İsrail, Hamas'ın tünellerde sabit hatlı bir telefon sistemi kurduğunu en az on yıldır biliyor. Şarku’l Avsat’ın Indepenedent Arabia’dan aktardığı analize göre İsrail’in Hamas ile arasında 2018 yılında günlerce sürecek bir çatışmaya yol açan başarısız operasyonu, İsrail ordusunun Hamas’ın telefon ağına girme girişimiydi.

Arabulucular, Gazze Şeridi’ndeki mevcut savaşın başlarında İsrail ile Hamas arasında İsrail'in Gazze Şeridi'ni işgalini önleyecek bir rehine anlaşması yapmaya çalışıyorlardı. Hamas'ın silahlı kanadı İzzettin el-Kassam Tugayları’nın üyeleriyle görüşmek ve şifreli mesajlar iletmek üzere Gazze'ye haberciler gönderdiler.

WSJ’ye konuşan aracılar, Sinvar'ın Hamas'ın sabit hat ağındaki aracılarla tünellerde telefon görüşmeleri yaptığını, gün ve saati belirlemek için kodlar kullandığını söylediler. Aracıların aktardığına göre telefon görüşmelerinin ayarlanması için Sinvar, mesajlarda takma isimlerin yanı sıra bazen gerçek kimliğini gizlemek için hapishanede birlikte kaldığı kişilerin isimlerini de kullandı.

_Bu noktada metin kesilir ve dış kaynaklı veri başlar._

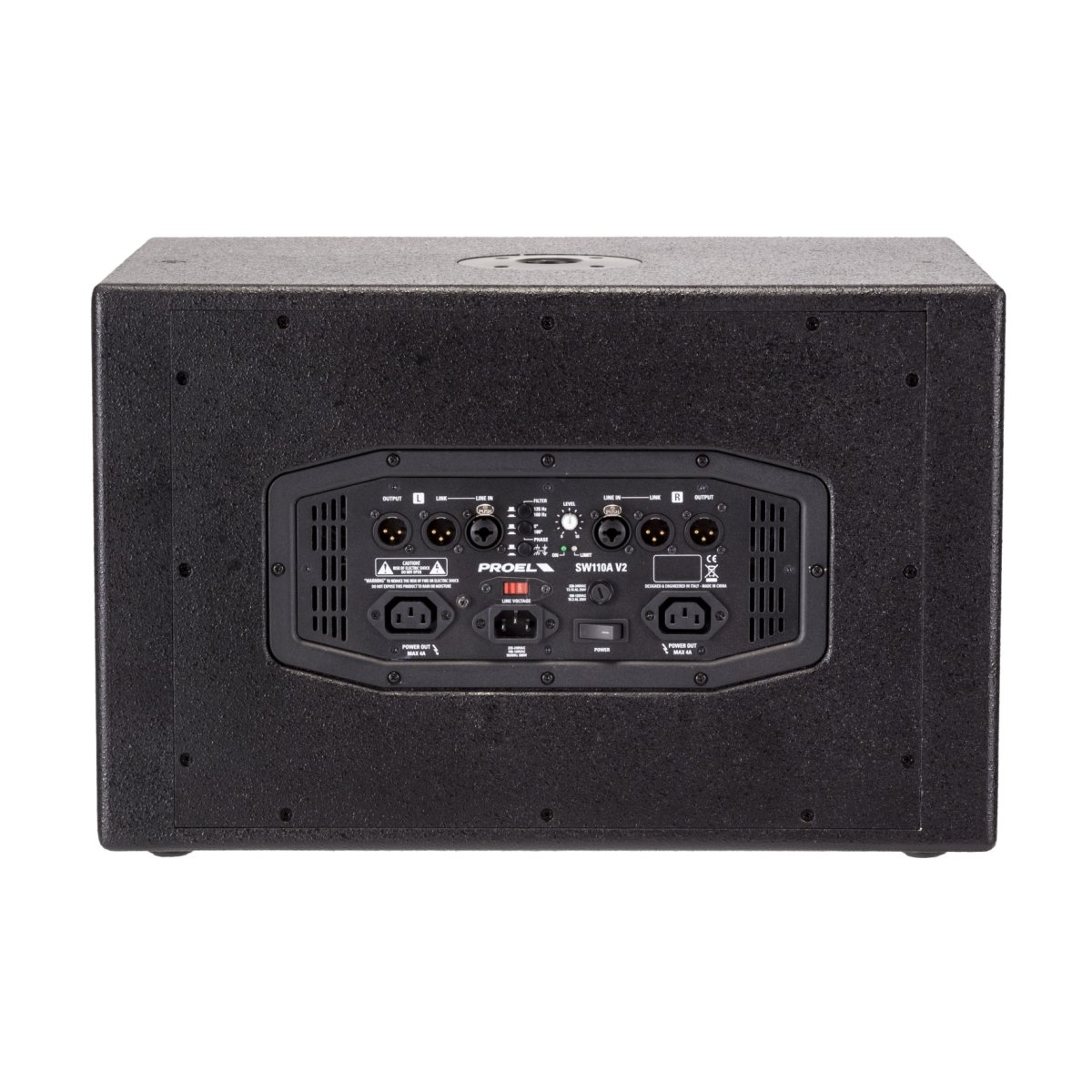 The SW Series is a range of sub-woofers designed to complement PROEL full-range passive or active speakers. The variety of size, power and SPL offered by the five SW models provides the perfect low extension solution for any speaker model available in the PROEL range.All the SW models feature large VC woofers and band-pass or vented design, which provide very ‘punchy’, dynamic lows together with an extended low frequency response.The CLASS D amplifier modules with Switch Mode Power Supply can generate a massive amount of continuous power in a compact and reliable package. All the modules include a STEREO pre-amp section, 24dB/oct. crossover filters with selectable frequency and PHASE reverse switch. The cabinets are built with 15/18mm plywood and feature 2 or 3 metal handles and sturdy 75mm wheels for an easy transport (except SW110).
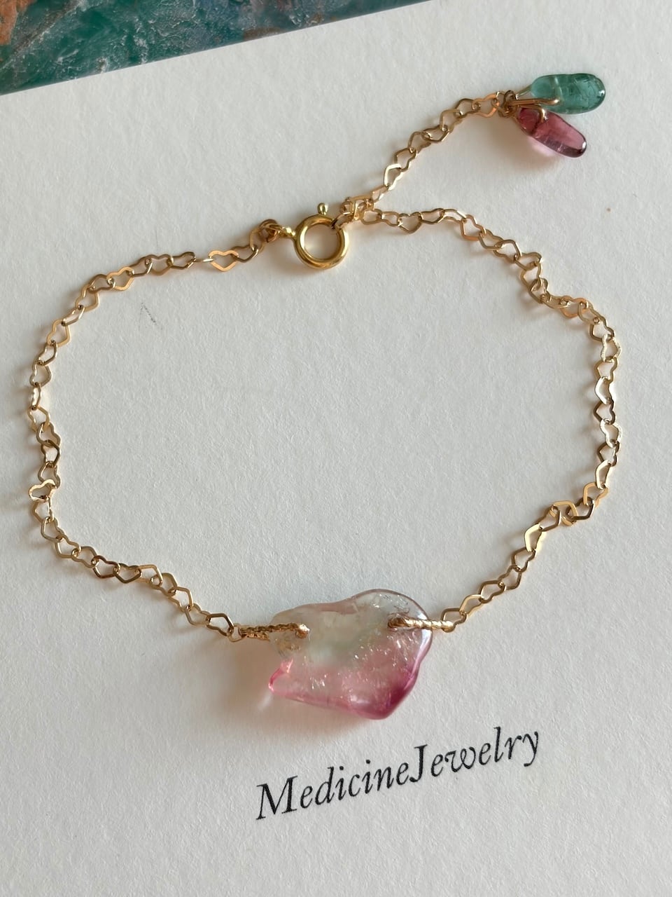 Earth Drop Bracelet ウォーターメロントルマリンとハートチェーンのブレスレット
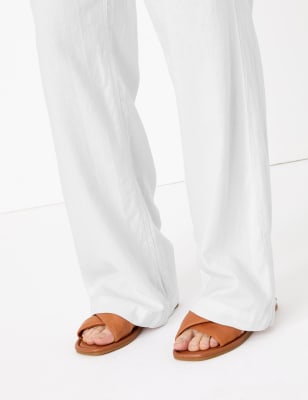 Ladies white linen trousers uk clearance, CURVE Linen Wide Leg Trousers | M\u0026S clearance

İletişim kurmanın yaygın yolları

Gözlemcilere göre son yirmi yılda teröristler ve organize suçlular için mevcut seçeneklerin sayısı arttı. Tabii ki sıradan, yasalara saygılı vatandaşların birbirleriyle iletişim kurma olanakları da dijital teknolojideki büyümeye paralel olarak gelişti. Ancak radikal teröristler, izlenebilir bir 'dijital ayak izi' bırakmanın ve asıl göndericinin kimliğinin tespit edilmesini tehlikelerinin tamamen farkındalar. ABD istihbaratının, mesaj ve verileri elden teslim eden kuryelere güvenen Usame bin Ladin'in izini bulması da bu yüzden bu kadar uzun sürdü.

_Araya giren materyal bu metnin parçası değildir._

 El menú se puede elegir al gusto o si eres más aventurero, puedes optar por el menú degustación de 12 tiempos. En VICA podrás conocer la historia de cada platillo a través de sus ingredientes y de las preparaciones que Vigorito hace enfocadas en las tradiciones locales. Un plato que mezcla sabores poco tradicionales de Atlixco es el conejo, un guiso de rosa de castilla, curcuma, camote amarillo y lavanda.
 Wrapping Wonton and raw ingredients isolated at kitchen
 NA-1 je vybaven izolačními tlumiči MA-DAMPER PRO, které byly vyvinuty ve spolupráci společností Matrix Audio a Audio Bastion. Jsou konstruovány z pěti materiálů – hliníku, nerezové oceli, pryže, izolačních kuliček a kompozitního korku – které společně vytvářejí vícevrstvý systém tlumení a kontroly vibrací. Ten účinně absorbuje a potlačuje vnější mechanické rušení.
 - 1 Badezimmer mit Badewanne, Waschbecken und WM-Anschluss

Dijital olsalar da anonim olarak satın alınabilen, cep telefonuna takılan, bir kez kullanılıp atılan ucuz ve yasal sim kartları gibi iletişim kurmanın yaygın yolları da var. Bu sim kartları Rusya ve Çin'deki şirket yöneticileri tarafından da cep telefonlarının hacklenmesine karşı bir önlem olarak kullanılıyor. Bununla birlikte sosyal medyada, sohbet odalarında ve oyunlarda da şifreli dil kullanılabilir. Bu yüzden e-oyun oynayanlar arasındaki yazışmalarda mesajları gizlemenin giderek yaygınlaşan bir yolu olarak karşımıza çıkıyor.

Terör eylemlerinin planlayıcıları da hedeflerini müzakere ederken kod ya da metaforlar kullanarak iletişim kurarlar. Örneğin, ABD’de gerçekleşen 11 Eylül saldırısının planlayıcılarından Muhammed Atta ve Remzi bin eş-Şibh, Dünya Ticaret Merkezi'nden ‘İmara’ (mimari), ABD Savunma Bakanlığı’ndan (Pentagon) ‘funun’ (sanat) ve Beyaz Saray'dan ‘siyase’ (siyaset) olarak bahsetmişlerdir.

Uydu telefonları, Mısır'daki 25 Ocak devrimi sırasında, hapishaneden kaçan Müslüman Kardeşler Teşkilatı (İhvan-ı Müslimin) üyelerinin iletişim kurmak için Thuraya mobil uydu telefonları kullandıkları söylentisiyle gündeme gelmişti. Bu telefonlar şifreleme teknolojisine sahip olsa da gizli dinlemeye karşı savunmasız bir yapıya sahip. Terör örgütlerinin liderleri, uzak ve az nüfuslu bölgelerde bile bu telefonların kullanımına karşı uzun zamandır temkinli davranıyor. Ancak gözlemcilere göre bu telefonlar, terör örgütlerinin liderleri arasında popüler bir iletişim aracı olmaya devam ediyor ve takip edilmelerini zorlaştırıyor.